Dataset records
####################

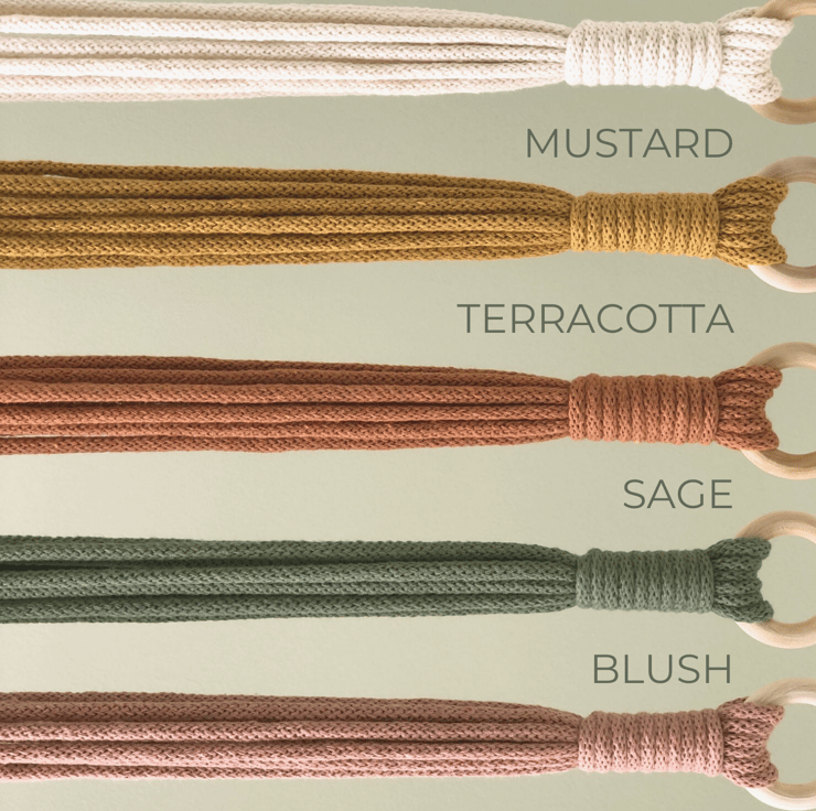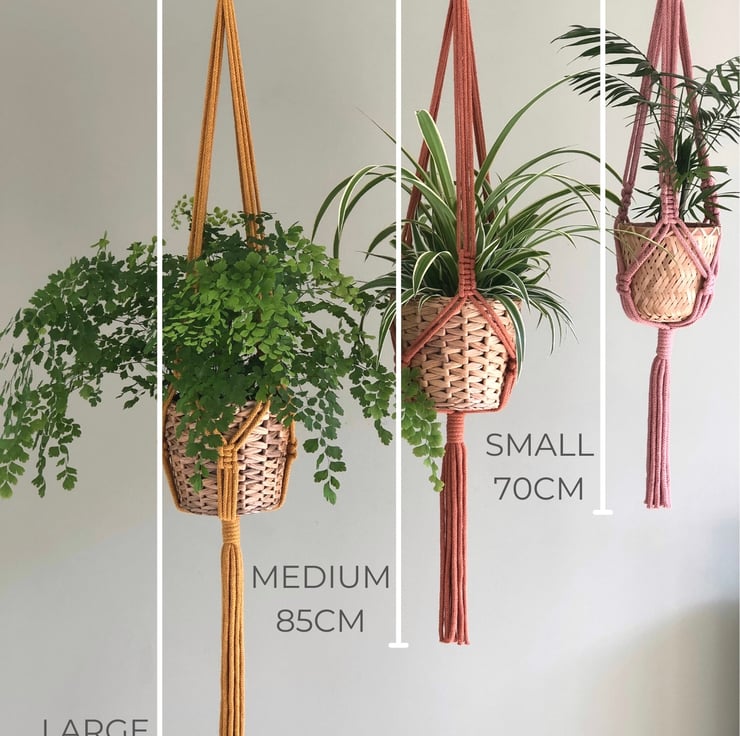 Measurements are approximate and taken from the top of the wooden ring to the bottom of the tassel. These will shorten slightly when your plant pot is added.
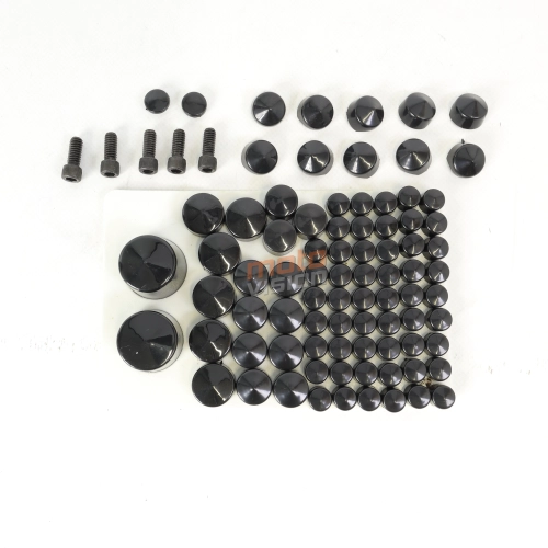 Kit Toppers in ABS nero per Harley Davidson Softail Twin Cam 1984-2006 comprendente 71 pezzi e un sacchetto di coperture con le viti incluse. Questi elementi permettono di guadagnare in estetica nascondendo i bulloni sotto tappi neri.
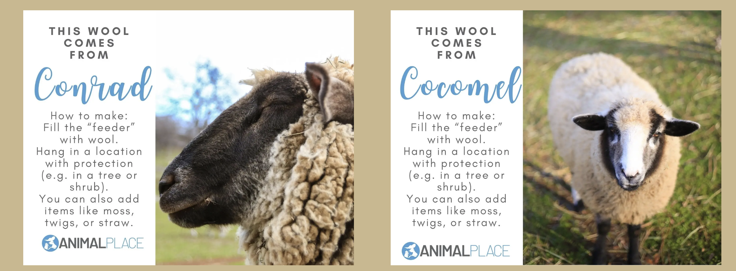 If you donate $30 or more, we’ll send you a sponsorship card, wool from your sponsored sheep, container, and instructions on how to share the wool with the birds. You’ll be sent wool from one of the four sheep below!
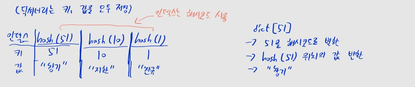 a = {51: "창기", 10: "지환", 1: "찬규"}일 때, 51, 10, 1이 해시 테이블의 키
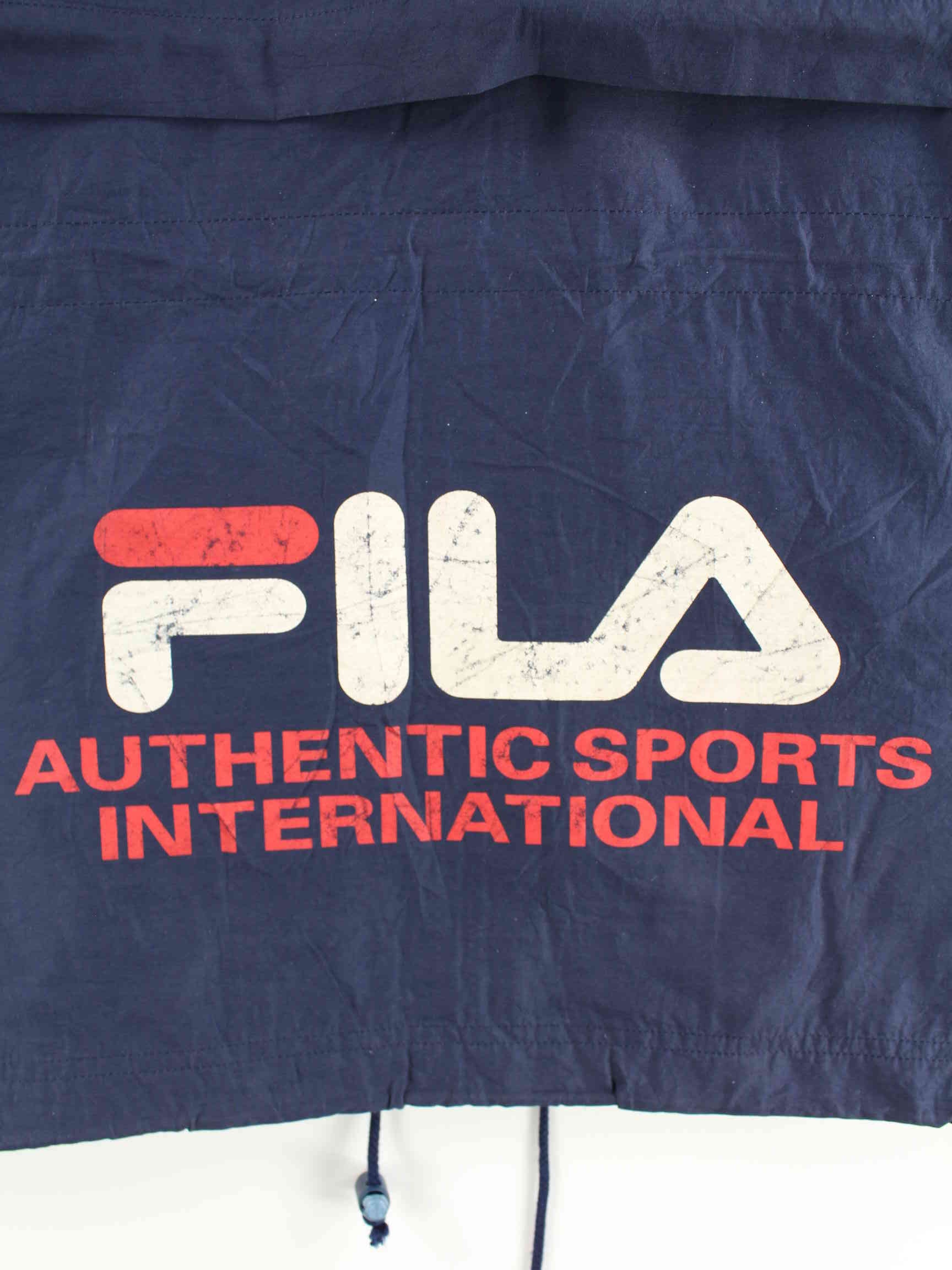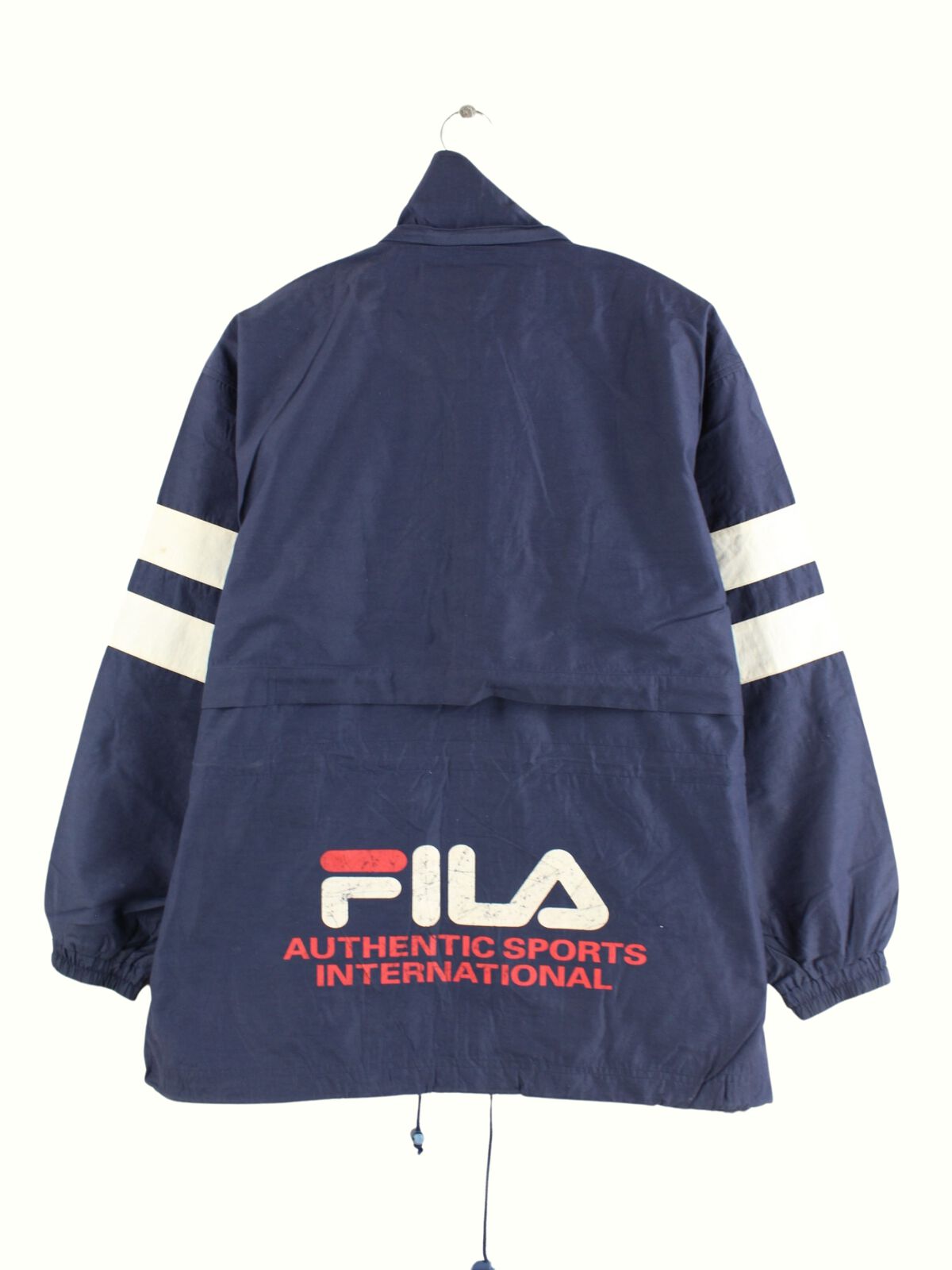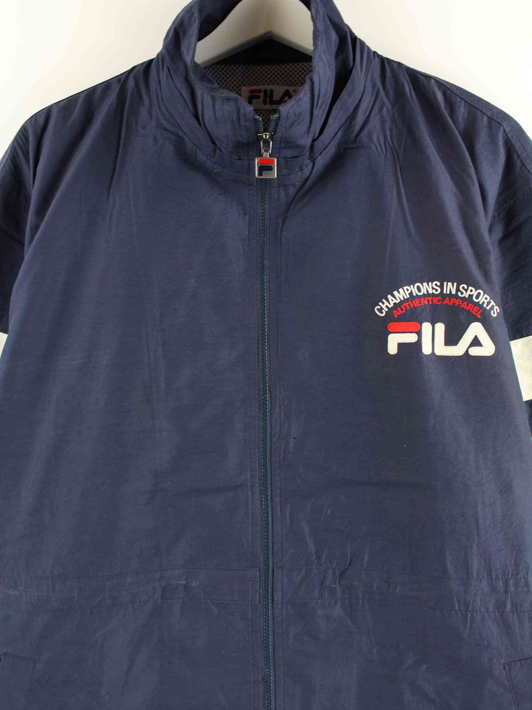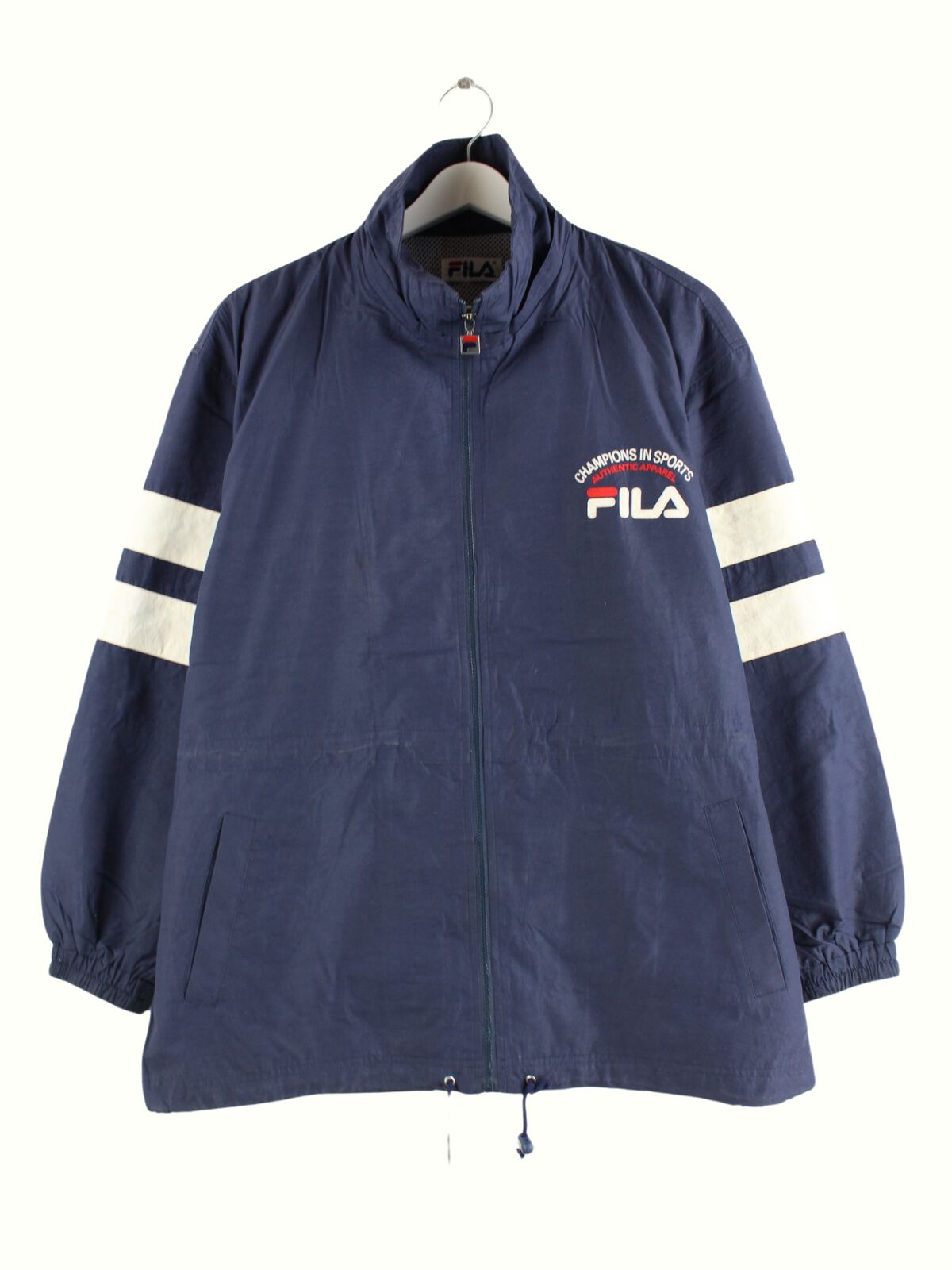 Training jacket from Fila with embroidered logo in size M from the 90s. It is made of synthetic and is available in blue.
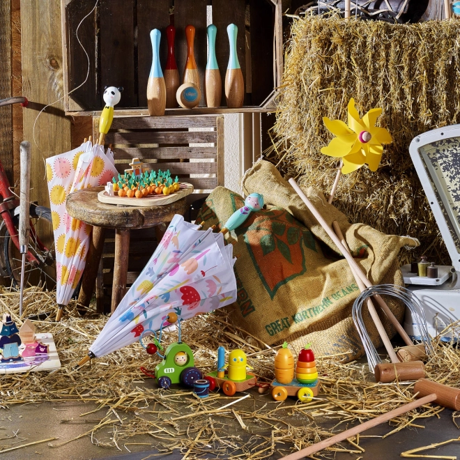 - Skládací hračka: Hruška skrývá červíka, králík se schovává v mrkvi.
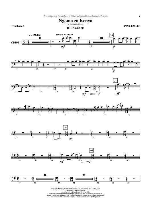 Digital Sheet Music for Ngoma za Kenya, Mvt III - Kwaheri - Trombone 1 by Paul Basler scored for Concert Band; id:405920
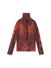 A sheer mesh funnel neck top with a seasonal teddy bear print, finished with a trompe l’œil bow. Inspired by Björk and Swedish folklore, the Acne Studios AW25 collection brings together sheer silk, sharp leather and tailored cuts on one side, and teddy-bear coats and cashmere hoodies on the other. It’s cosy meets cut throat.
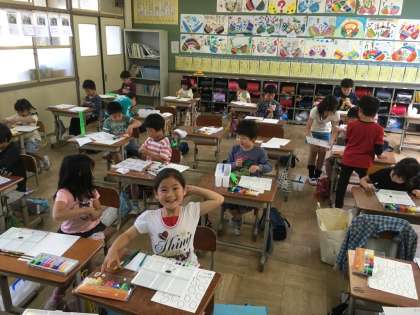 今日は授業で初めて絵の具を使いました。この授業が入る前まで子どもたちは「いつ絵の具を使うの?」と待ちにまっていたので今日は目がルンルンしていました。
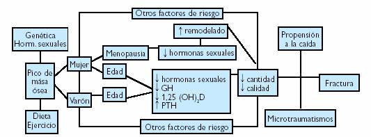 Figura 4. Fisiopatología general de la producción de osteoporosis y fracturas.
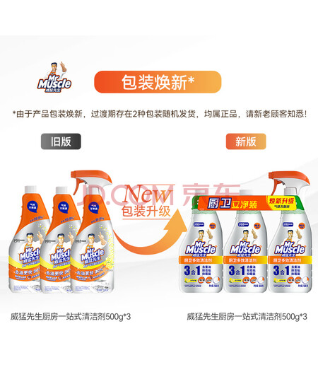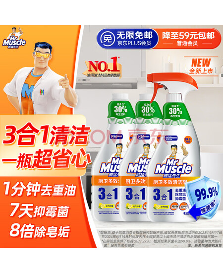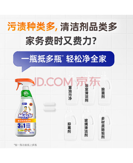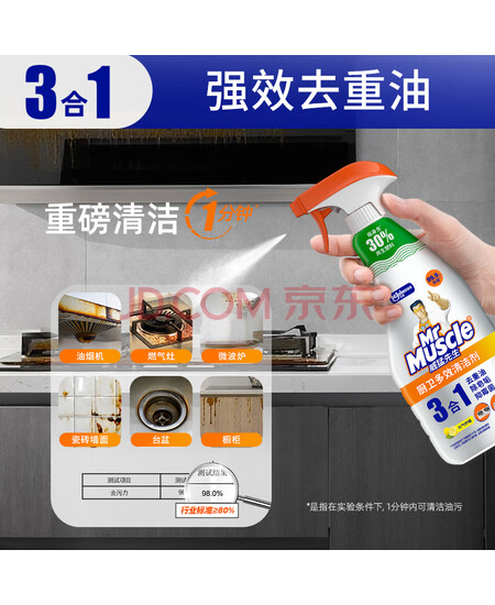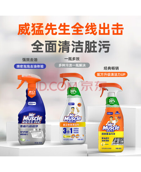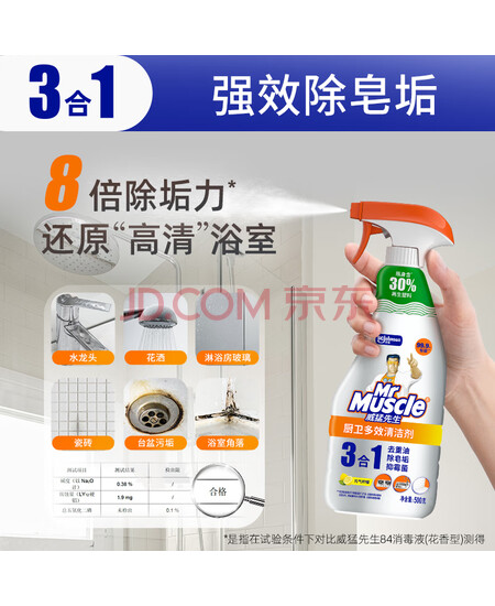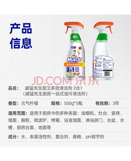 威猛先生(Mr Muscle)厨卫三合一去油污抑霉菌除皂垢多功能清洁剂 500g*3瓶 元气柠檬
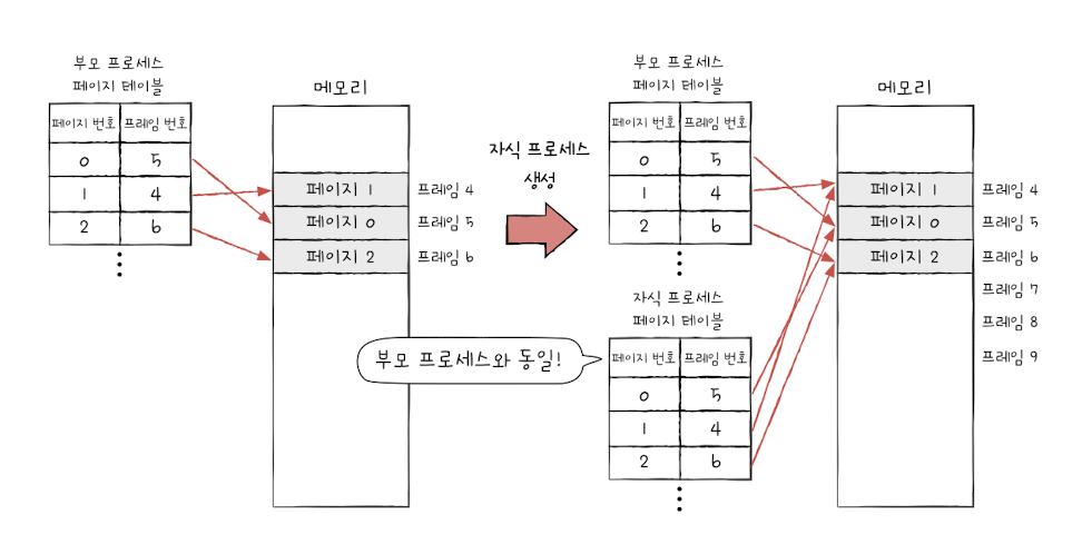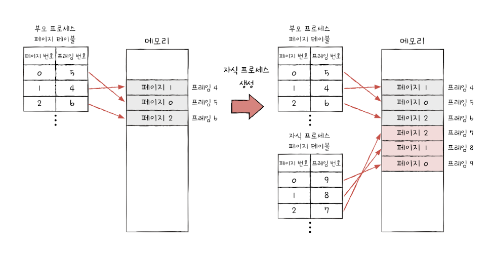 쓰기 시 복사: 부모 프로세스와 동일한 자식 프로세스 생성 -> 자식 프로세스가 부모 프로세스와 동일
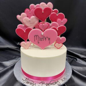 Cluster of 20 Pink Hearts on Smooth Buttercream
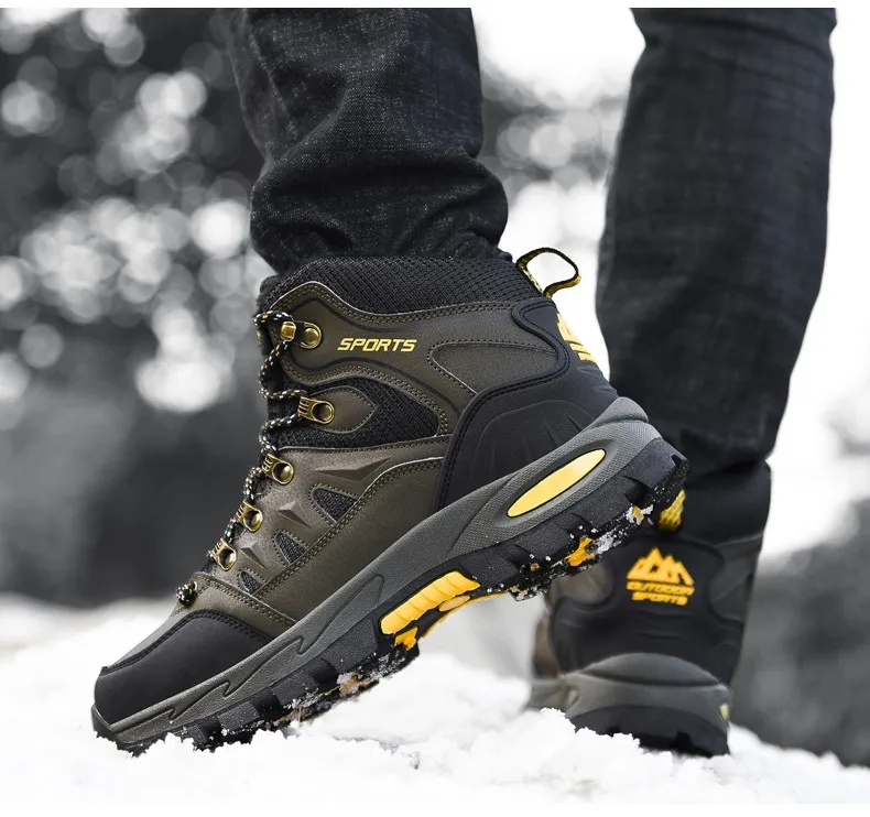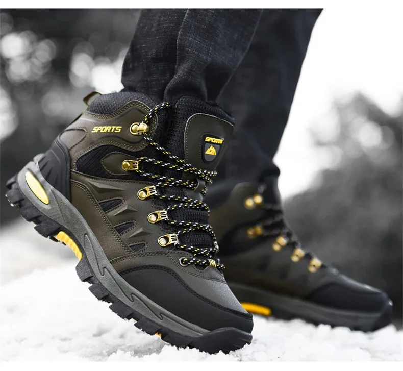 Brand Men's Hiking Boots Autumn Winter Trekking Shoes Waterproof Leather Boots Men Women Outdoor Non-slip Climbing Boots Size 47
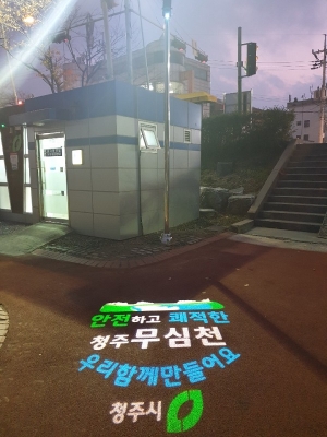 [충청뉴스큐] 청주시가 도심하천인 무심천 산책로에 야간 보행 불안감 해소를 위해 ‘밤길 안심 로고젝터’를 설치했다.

####################

Please transcribe each entry exactly, but skip any picture it holds.

 Measurements are approximate and taken from the top of the wooden ring to the bottom of the tassel. These will shorten slightly when your plant pot is added.
 Kit Toppers in ABS nero per Harley Davidson Softail Twin Cam 1984-2006 comprendente 71 pezzi e un sacchetto di coperture con le viti incluse. Questi elementi permettono di guadagnare in estetica nascondendo i bulloni sotto tappi neri.
 If you donate $30 or more, we’ll send you a sponsorship card, wool from your sponsored sheep, container, and instructions on how to share the wool with the birds. You’ll be sent wool from one of the four sheep below!
 a = {51: "창기", 10: "지환", 1: "찬규"}일 때, 51, 10, 1이 해시 테이블의 키
 Training jacket from Fila with embroidered logo in size M from the 90s. It is made of synthetic and is available in blue.
 - Skládací hračka: Hruška skrývá červíka, králík se schovává v mrkvi.
 Digital Sheet Music for Ngoma za Kenya, Mvt III - Kwaheri - Trombone 1 by Paul Basler scored for Concert Band; id:405920
 A sheer mesh funnel neck top with a seasonal teddy bear print, finished with a trompe l’œil bow. Inspired by Björk and Swedish folklore, the Acne Studios AW25 collection brings together sheer silk, sharp leather and tailored cuts on one side, and teddy-bear coats and cashmere hoodies on the other. It’s cosy meets cut throat.
 今日は授業で初めて絵の具を使いました。この授業が入る前まで子どもたちは「いつ絵の具を使うの?」と待ちにまっていたので今日は目がルンルンしていました。
 Figura 4. Fisiopatología general de la producción de osteoporosis y fracturas.
 威猛先生(Mr Muscle)厨卫三合一去油污抑霉菌除皂垢多功能清洁剂 500g*3瓶 元气柠檬
 쓰기 시 복사: 부모 프로세스와 동일한 자식 프로세스 생성 -> 자식 프로세스가 부모 프로세스와 동일
 Cluster of 20 Pink Hearts on Smooth Buttercream
 Brand Men's Hiking Boots Autumn Winter Trekking Shoes Waterproof Leather Boots Men Women Outdoor Non-slip Climbing Boots Size 47
 [충청뉴스큐] 청주시가 도심하천인 무심천 산책로에 야간 보행 불안감 해소를 위해 ‘밤길 안심 로고젝터’를 설치했다.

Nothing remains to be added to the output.